In 1981, the Educational Priorities Panel strongly supported the adoption of the Chancellor’s "Promotional Gates" policy to retain low-achieving students in the 4th and 7th grades and to provide them with extensive remediation services. When the policy was formally rescinded in 1990, EPP raised no objections. By that time, the program had become poorly funded and the small proportion of students that were held over to repeat a grade were receiving little, if any, remediation services. Over time, an assertion has gained currency that the removal of resources from the 1981 Gates program doomed its effectiveness. In our institutional memory, the reverse occurred. From the very first year, the Board of Education was unprepared for the large numbers of students held over to repeat a grade. The next, unanticipated problem was that many of these held-over students still could not meet the standards for promotion to the 5th and 8th grades. Continuing internal assessments by Board of Education staff and consultants showed that the Gates policy was not raising student achievement. Resources were gradually reduced for this very expensive, ineffective program, which during the 1982-83 school year reached a peak of $59 million dollars.
When a grade retention policy was once again instituted in 1999, EPP conducted a review of 27 similar programs across the country. Twenty-four of these districts were among the nation’s 100 largest school districts. The districts that adopted the strictest promotion policies served high-poverty and high-minority student populations. We classified 9 of these districts as "multiple experimenters": Chicago, Philadelphia, New York, Miami-Dade County, Baltimore, Boston, Milwaukee, San Diego, and Washington DC. There was a similar pattern in the implementation and the phase-out of their grade retention programs. High hopes were followed by glowing assessments after the first year of implementation. Within a few years, however, as more longitudinal data became available, the assessments of student achievement were more negative, fewer students were held back, and funding for intervention was reduced until the policy existed in name only. There were also similar patterns in the problems that emerged in these grade retention programs:
There was a clear correlation between grade retention and the likelihood of dropping out.
Retained students just under the standardized test cut-off point, when compared to students just above the cut-off or those who were promoted through administrative error, made fewer gains than students who were promoted.
The majority of students furthest from the test cut-off point failed to meet the promotional standard at the end of a year of retention despite remediation efforts. The school systems then had to face the quandary of holding these students back for a second year in a row, even though retention had not been a successful strategy for these lowest-achieving students.
At the end of this letter we provide citations for these conclusions.
Given the findings of these assessments about programs in the 1980’s, there is an open question of why large city school districts once again began new experiments with grade retention in the 1990’s. One possible explanation is that they appeal to deeply held beliefs about individual responsibility, hard work, and promotion to higher grades based on merit. When past grade retention policies fail to raise student achievement, these beliefs are so engrained that these policies are resurrected once again in the hopes that a better administered program will work.
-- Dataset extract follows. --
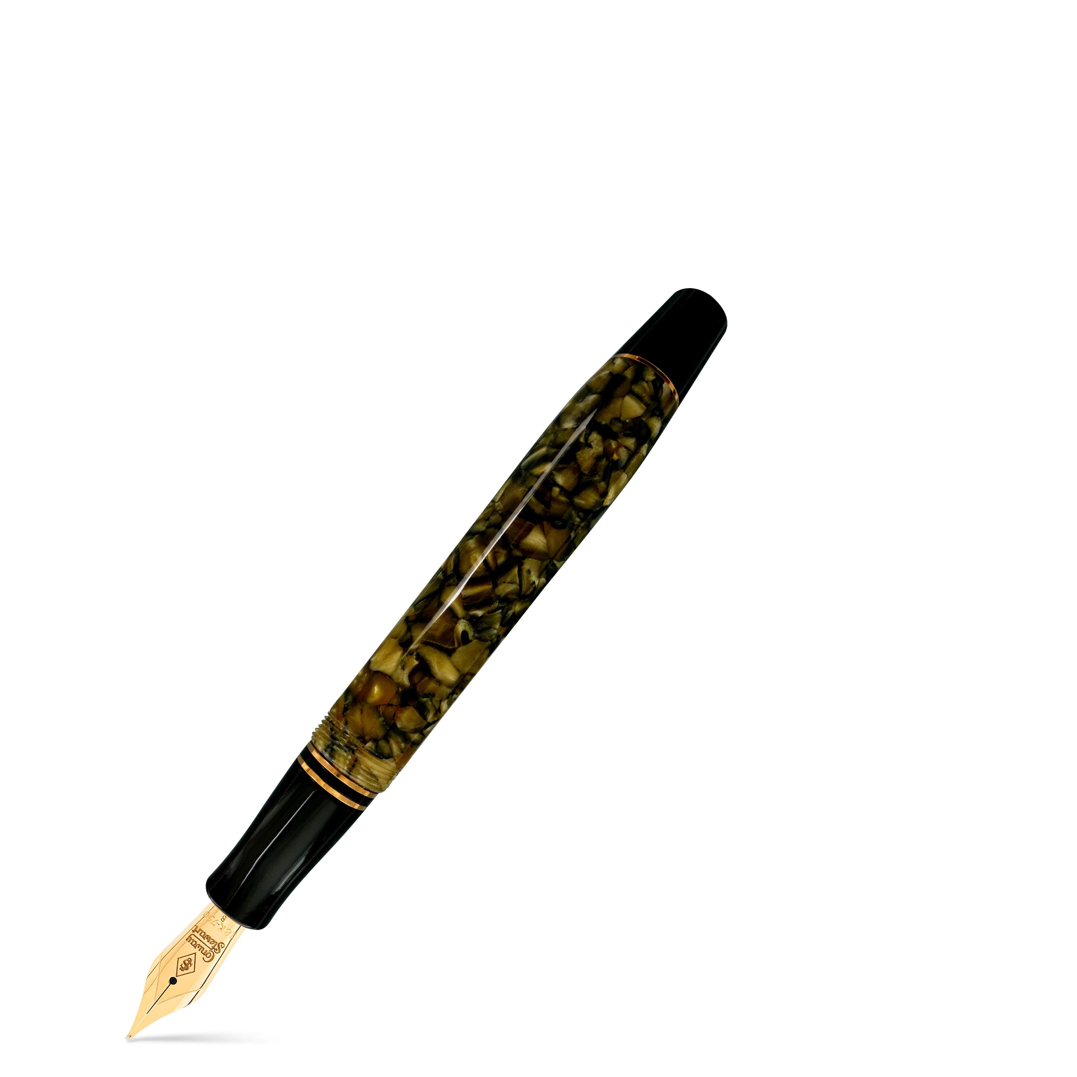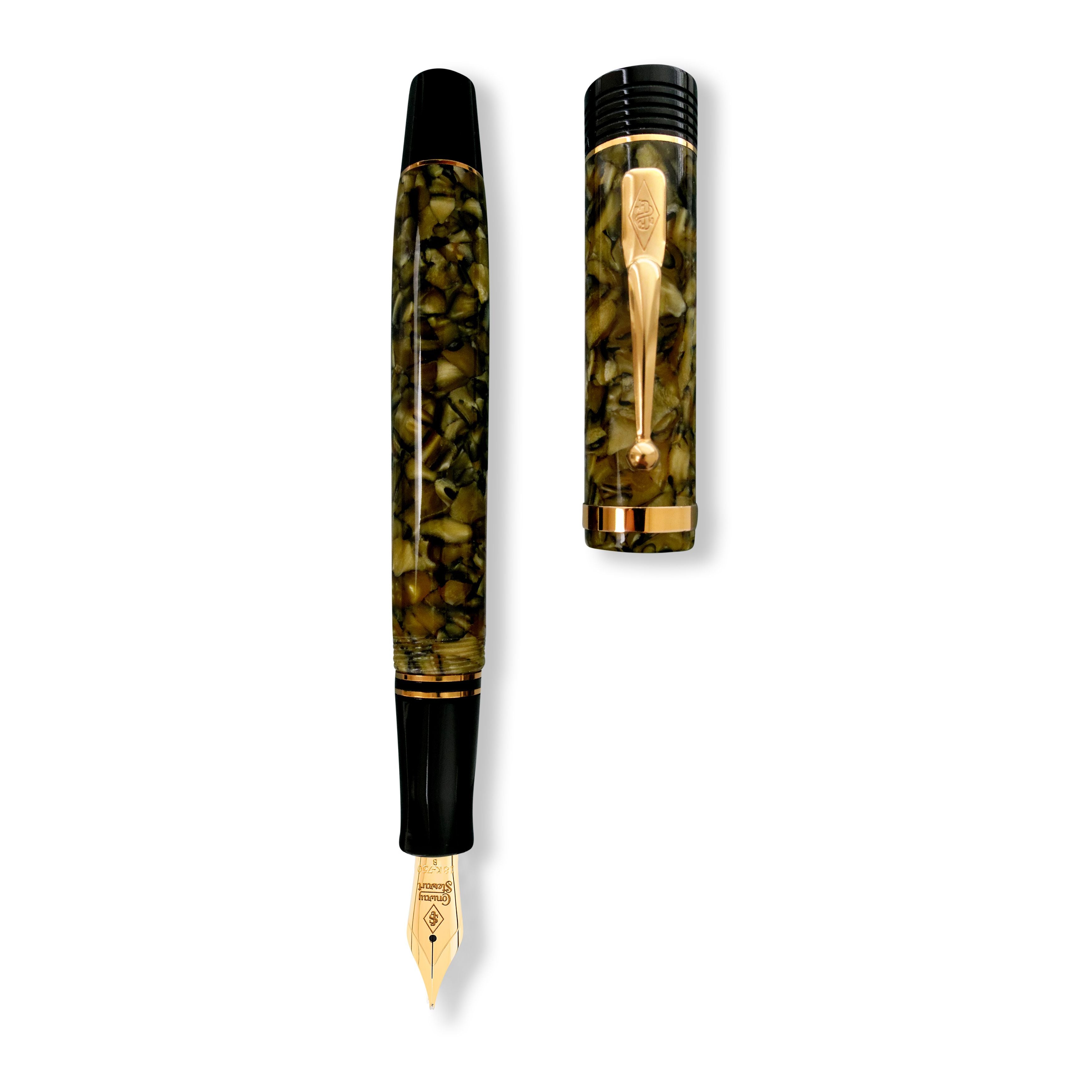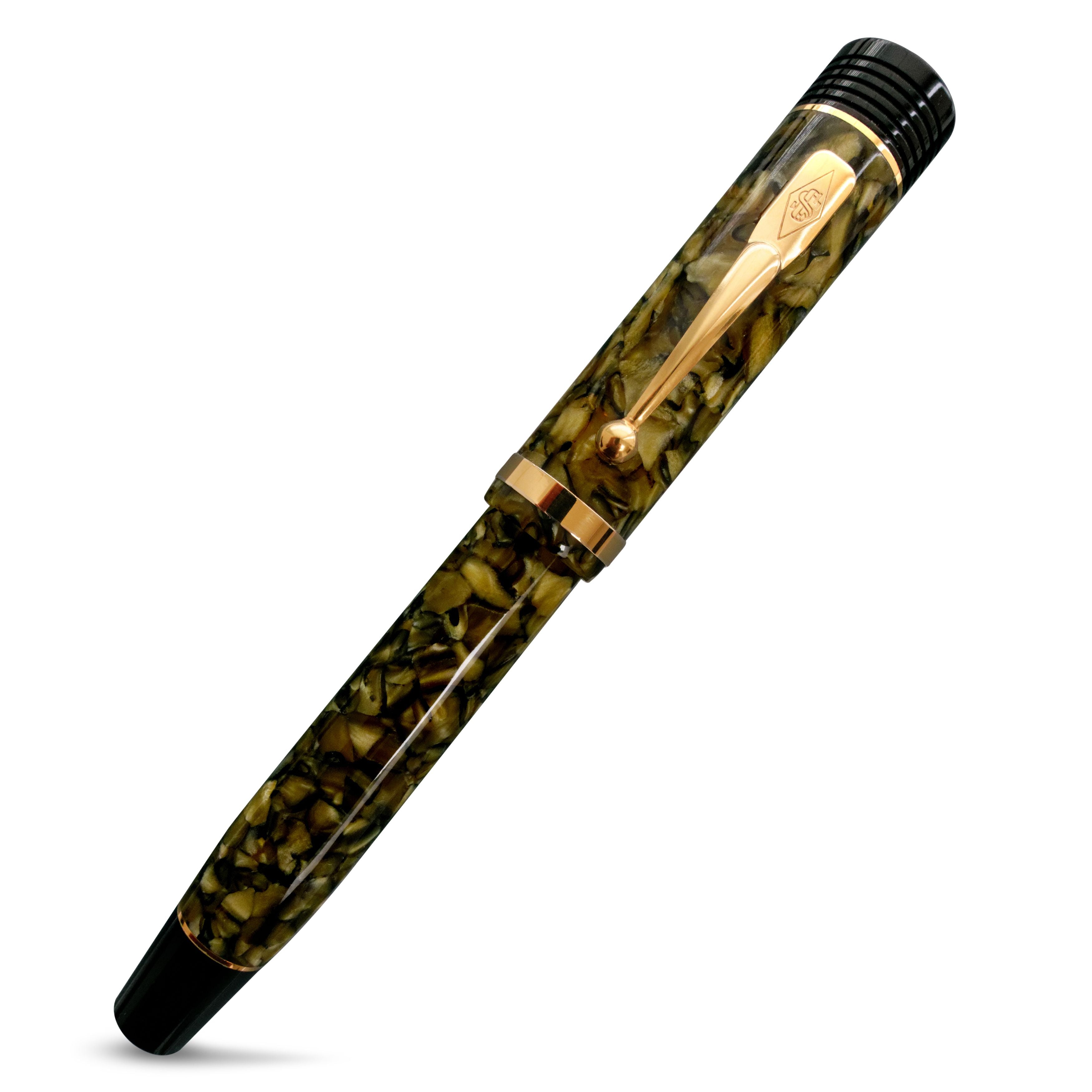 El Conway Stewart Churchill Quartz Green es un bolígrafo impresionante que cuenta con una hermosa combinación de motas verdes, marrones y negras. Con sus tonos más claros y oscuros y sus lujosos accesorios dorados, esta pluma seguramente llamará la atención de muchos admiradores. El anillo de capuchón de oro de 9 quilates está estampado con sellos ingleses, un testimonio de su calidad y herencia. Disponible como pluma estilográfica, bolígrafo, rollerball o lápiz, el Conway Stewart Churchill Quartz Green es imprescindible para aquellos que aprecian la artesanía fina y el diseño excepcional. Ya sea que sea un coleccionista o un usuario diario, este bolígrafo seguramente lo impresionará.

Much of Chancellor Harold Levy tenure was devoted to ensuring better implementation of the 1999 grade retention and summer school program. But improvements in early identification of students likely to be held over, timely notification of parents, and increased attendance in summer school did not reverse the modest outcomes of this expensive policy.
We urge you not to reinvent this wheel. The central debate should not be couched as "social promotion versus grade retention," but instead how best to end "social promotion." The most important objective of any education system should be to prevent academic failure, not cope with its difficult aftermath. The Educational Priorities Panel recommends two alternative approaches to a "Gates" policy:
Whole-school reform Grade retention essentially shifts accountability for student outcomes from the school to the child. To a large extent, the quality of curriculum and instruction at a given school determines the proportion of children who test at grade level. A "no excuses" policy dramatically affects children in low-performing schools. Why not quickly improve these schools so that fewer children fail academically? Many elementary schools in the city had fewer than 10 percent of their students testing at Level 1 on the state’s fourth grade 2003 English Language Arts test, but in 244 schools more than 10 percent tested at this level. Even more alarming, within this group of low-performing schools there were 39 elementary schools where more than a fifth of the students tested at Level 1, for example:
Manhattan: PS 50 in District 4 (24.7 percent) and PS 210 in District 6 (27.3 percent)
While some of these 39 schools may have higher proportions of children with disabilities and some are already on the state’s SURR list, it is imperative to target these 39 lowest-performing schools and the remaining 205 low-performing schools with strategies to reduce the proportion of students testing in the bottom quartile of test takers. Over 20,000 elementary school students are attending these lowest-performing schools and over 120,000 are attending low-performing schools. These children need a high-quality instructional program during the academic year, not just a 6-to-8 week prep course on test taking during the summer.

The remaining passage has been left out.